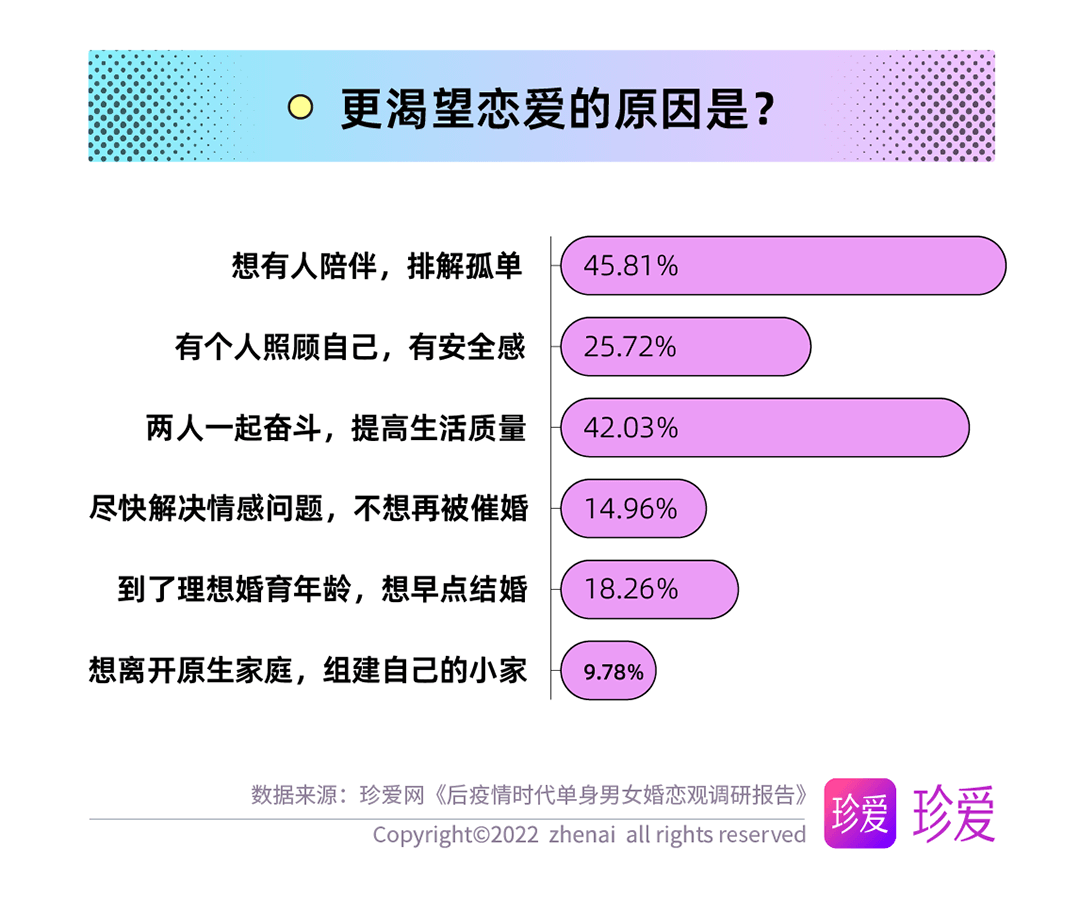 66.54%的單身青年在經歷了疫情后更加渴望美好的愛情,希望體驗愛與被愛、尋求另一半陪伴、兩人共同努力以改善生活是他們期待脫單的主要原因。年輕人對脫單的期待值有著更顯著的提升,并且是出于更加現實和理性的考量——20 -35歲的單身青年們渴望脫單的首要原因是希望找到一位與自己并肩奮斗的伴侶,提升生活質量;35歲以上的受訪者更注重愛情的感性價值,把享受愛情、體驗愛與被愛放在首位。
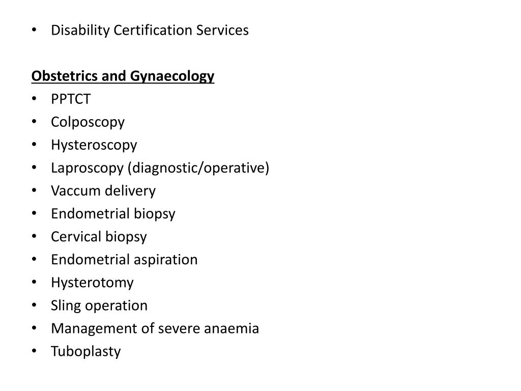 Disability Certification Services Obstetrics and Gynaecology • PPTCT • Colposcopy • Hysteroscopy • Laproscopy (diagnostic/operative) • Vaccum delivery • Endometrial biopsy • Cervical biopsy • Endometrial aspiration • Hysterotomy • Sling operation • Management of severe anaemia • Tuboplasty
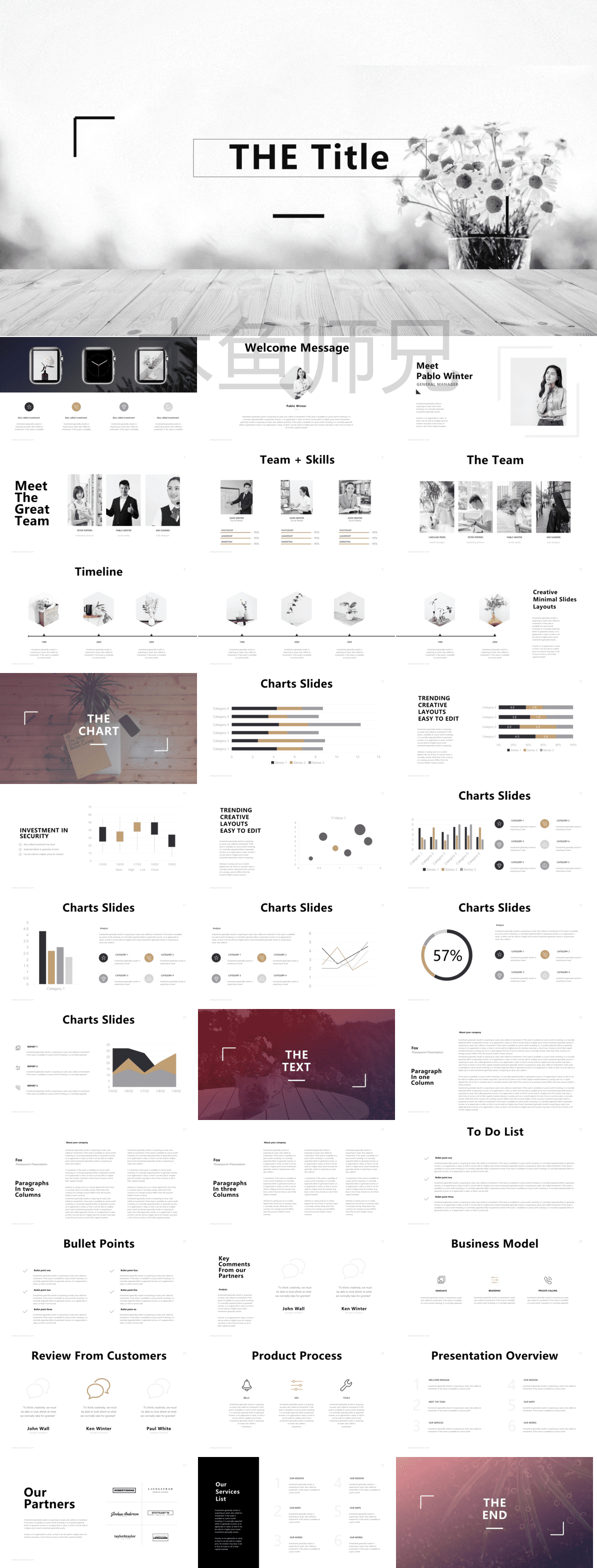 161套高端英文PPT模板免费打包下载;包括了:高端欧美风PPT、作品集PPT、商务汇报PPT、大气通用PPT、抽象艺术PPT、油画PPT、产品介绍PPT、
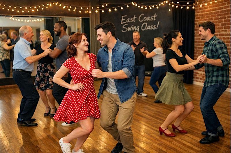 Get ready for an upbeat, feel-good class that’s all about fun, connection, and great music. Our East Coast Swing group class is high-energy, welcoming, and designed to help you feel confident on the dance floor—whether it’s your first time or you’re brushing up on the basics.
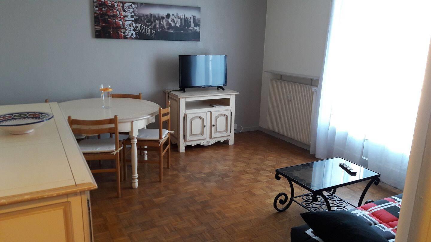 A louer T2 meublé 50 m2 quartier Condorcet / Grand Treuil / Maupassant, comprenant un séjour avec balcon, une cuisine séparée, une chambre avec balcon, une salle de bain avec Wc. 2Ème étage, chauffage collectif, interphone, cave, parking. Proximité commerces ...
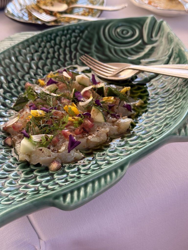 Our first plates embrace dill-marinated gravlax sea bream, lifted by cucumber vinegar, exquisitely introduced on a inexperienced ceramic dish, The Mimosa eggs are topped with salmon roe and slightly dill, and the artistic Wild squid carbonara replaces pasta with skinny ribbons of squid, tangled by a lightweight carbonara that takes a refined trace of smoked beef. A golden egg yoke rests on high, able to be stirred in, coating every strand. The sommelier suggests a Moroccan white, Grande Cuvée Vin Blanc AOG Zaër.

■ **Task directions**: Lines from the one with "Get ready for" through the final line of the records are the whole answer; print them exactly, minus any pictures.

■ **Response**:
 Get ready for an upbeat, feel-good class that’s all about fun, connection, and great music. Our East Coast Swing group class is high-energy, welcoming, and designed to help you feel confident on the dance floor—whether it’s your first time or you’re brushing up on the basics.
 A louer T2 meublé 50 m2 quartier Condorcet / Grand Treuil / Maupassant, comprenant un séjour avec balcon, une cuisine séparée, une chambre avec balcon, une salle de bain avec Wc. 2Ème étage, chauffage collectif, interphone, cave, parking. Proximité commerces ...
 Our first plates embrace dill-marinated gravlax sea bream, lifted by cucumber vinegar, exquisitely introduced on a inexperienced ceramic dish, The Mimosa eggs are topped with salmon roe and slightly dill, and the artistic Wild squid carbonara replaces pasta with skinny ribbons of squid, tangled by a lightweight carbonara that takes a refined trace of smoked beef. A golden egg yoke rests on high, able to be stirred in, coating every strand. The sommelier suggests a Moroccan white, Grande Cuvée Vin Blanc AOG Zaër.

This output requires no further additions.